Had you always known you wanted to work in advertising?
No, but I was really, really, really bad at school. I was terrible at mathematics and grammar and only enjoyed photography, drawing and doing some design stuff. So I transferred to a more arts-focused school, that was the first time I got good grades. I then studied graphics for a little while; I met some guys working in advertising and thought their work was cool so I switched to a school that was more focused on advertising and art direction.
You lived in Paris for twelve years before moving to Amsterdam. What kind of work did you do there?
I first interned at Saatchi & Saatchi and worked closely with the agency’s art director at the time. Then I studied for a Master’s at École intuit.lab in Aix-en-Provence and interned at a smaller advertising agency called La Chose. I was there for a few years as the company continued to grow, working with some really great brands like French denim label Marithé + François Girbaud. When I left La Chose to work freelance for agencies like the Grey Group, SelectNY and Etoile Rouge, I started to specialize in fashion—I worked on campaigns with brands like Lacoste, Escada and Wrangler.
What was it about fashion that interested you?
I’ve always thought that fashion photographers take the best photographs. They just have this way of creating images from a more artistic point of view. And it’s not a matter of what is being shot, because I know fashion photographers who could shoot a shoebox and make it look awesome. But there seems to be this pictorial side of fashion photography; it’s very closely related to the arts. And it’s a very interesting industry to work in, in terms of the people, the budgets and so on.
Is that why you took the job at Tommy Hilfiger in Amsterdam?
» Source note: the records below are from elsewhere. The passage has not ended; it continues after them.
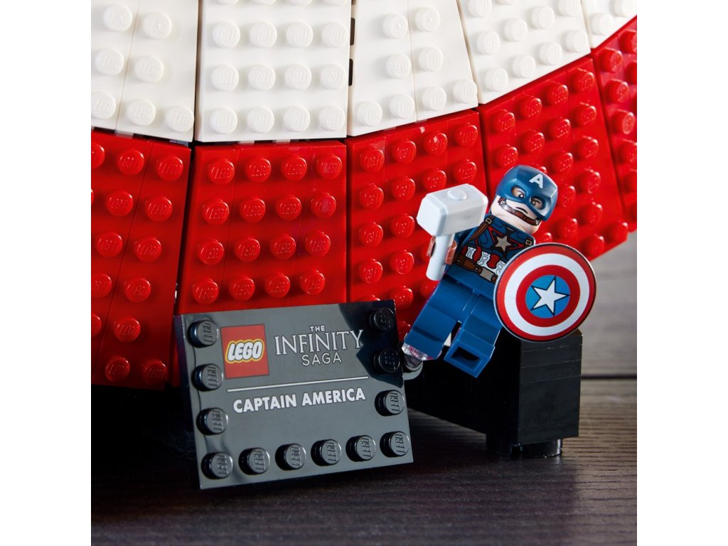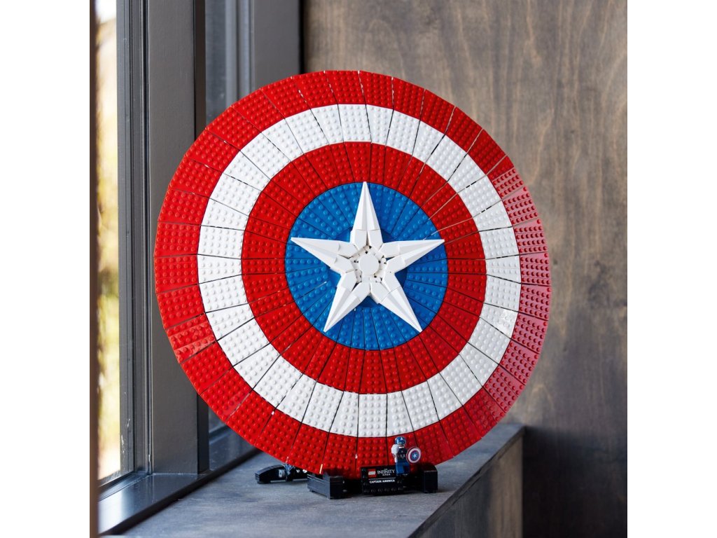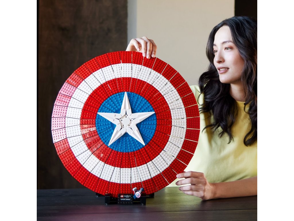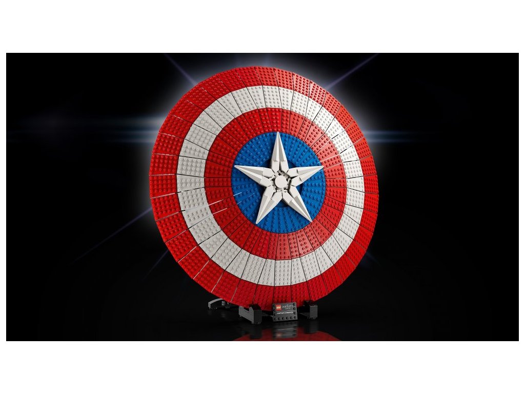 - Připravený k vystavení – Štít je umístěn na podstavci s jmenovkou a součástí je minifigurka Kapitána Ameriky s vlastním štítem a Thorovým kladivem Mjölnirem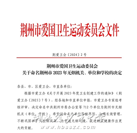禁煙主題班會 日前,荊州市愛國衛生運動委員會發布文件(荊愛衛會[2024]2號),命名一批無煙機關、單位和學校,沙市中學榮獲“無煙校園”稱號。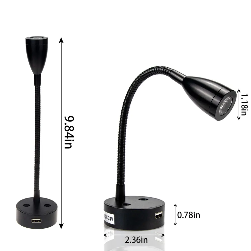 RV лодка светодиодный светильник для чтения 3 Вт с регулируемой яркостью гибкий гусиная шея настенный светильник для грузовика, дома, яхты кабина с USB зарядным портом
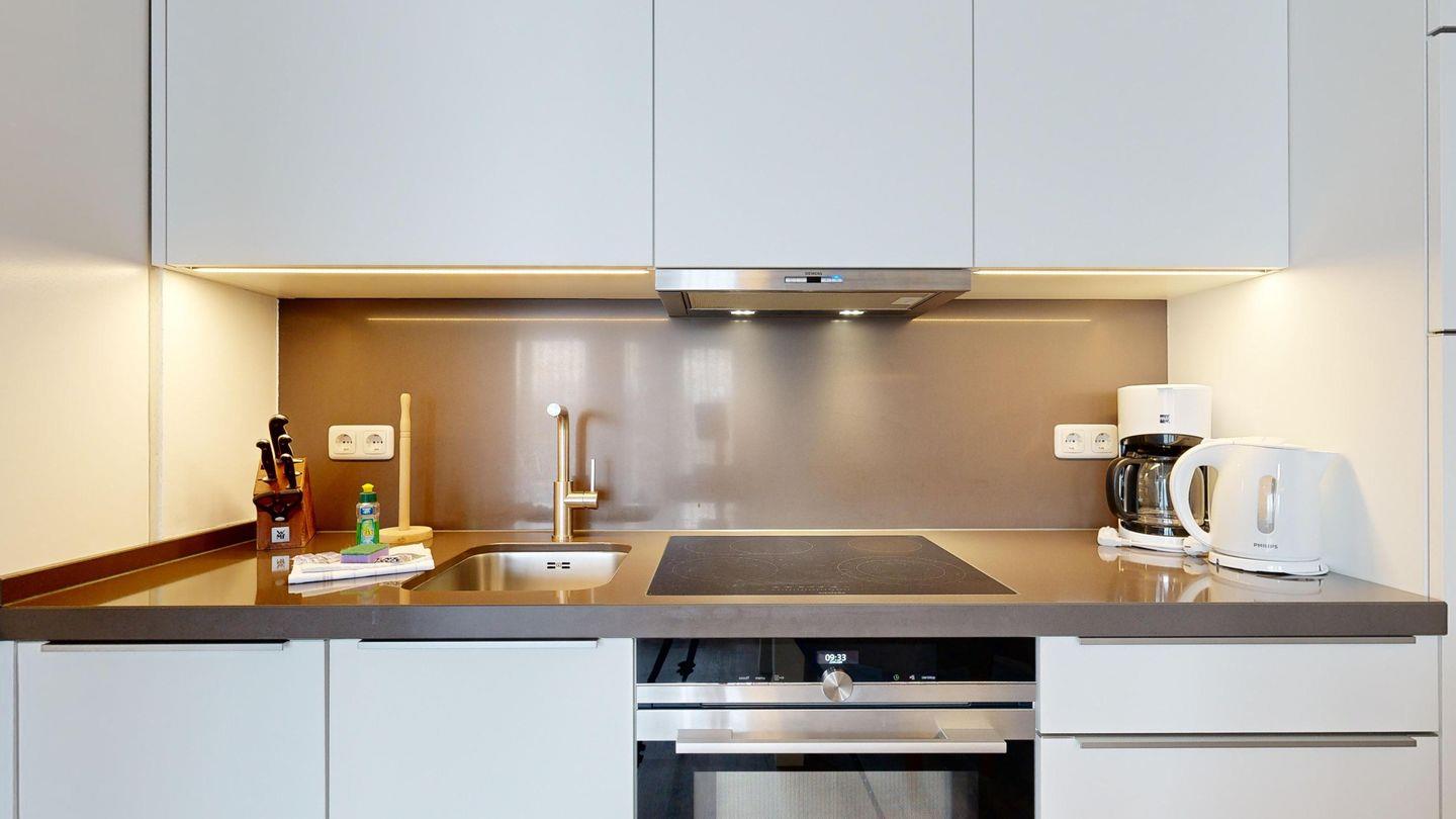 * Küche mit Ceranfeld, Kühlschrank mit Gefrierfach, Backofen mit integrierter Mikrowelle, Spülmaschine, Toaster, Wasserkocher, Kaffeemaschine
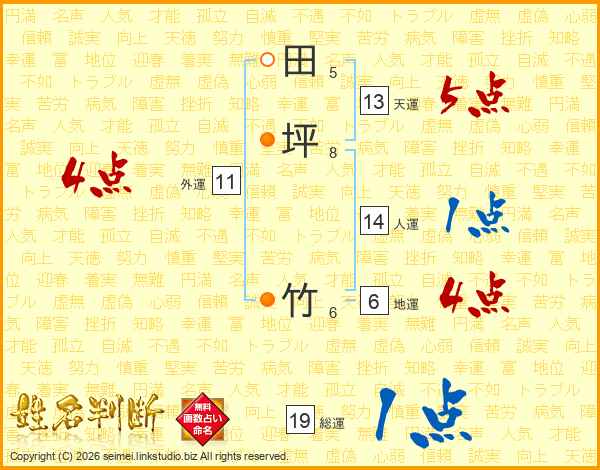 田坪竹さんの総運は19画の1点!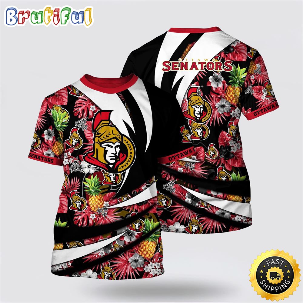 NHL Ottawa Senators All Over Print T Shirt With Tropical Pineapple Summer T Shirt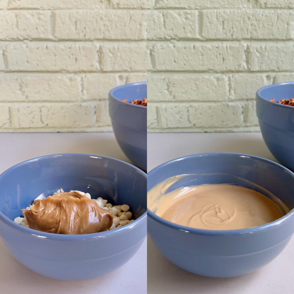 • In a microwave safe bowl, combine the white chocolate chips and peanut butter. Microwave in 30 second intervals, stirring in-between until the chocolate is melted and smooth.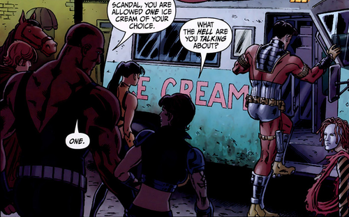 I will forever claim that Bane’s relationship with Scandal in Secret Six was the basis for Bane’s relationship with Talia in TDKR. He just thought she needed a father figure.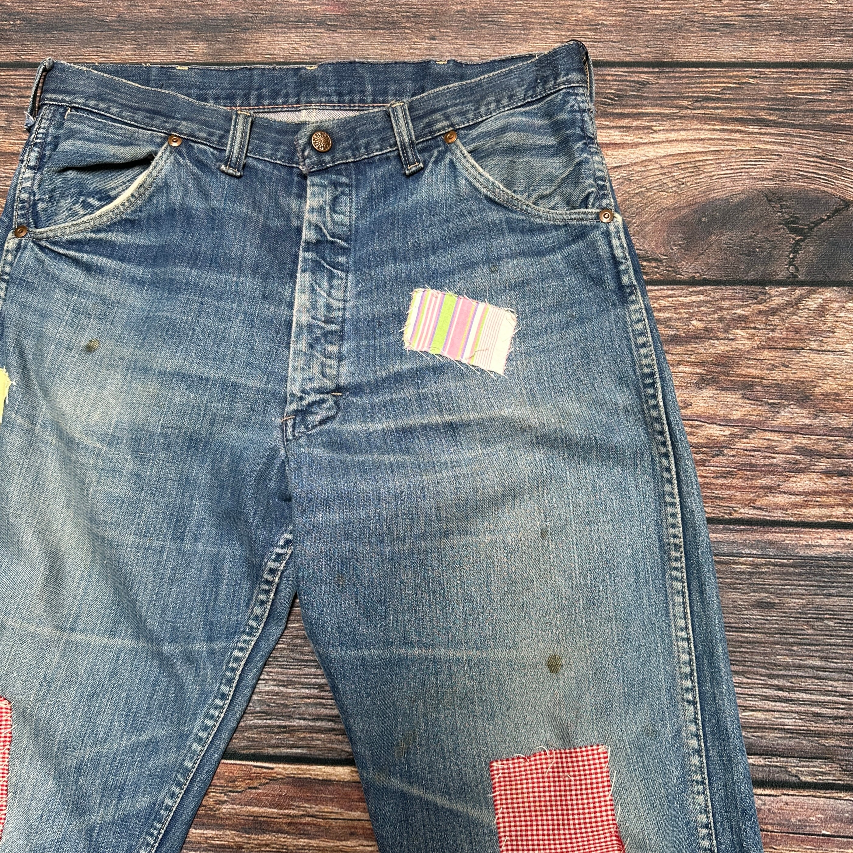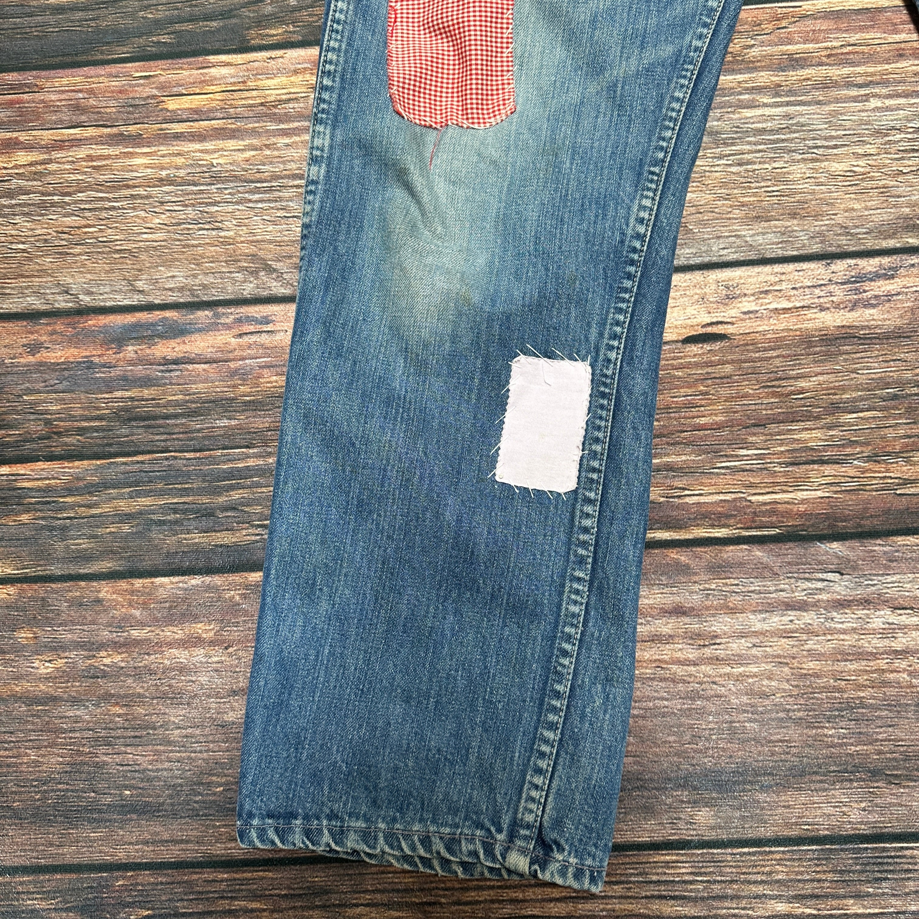 パッチワークデニムパンツ リメイク ヒッピー グランジ W32 L30

Yes, I was curious about working for a large international fashion brand, and the role required working with photography in a greater way than I had in the past. I was also at a point in my life where I really wanted to move away from Paris and wanted a new challenge. I have always thought that I could change my life tomorrow if I wanted to, but had never really done it. But for me, it was about changing my life, not disrupting it completely.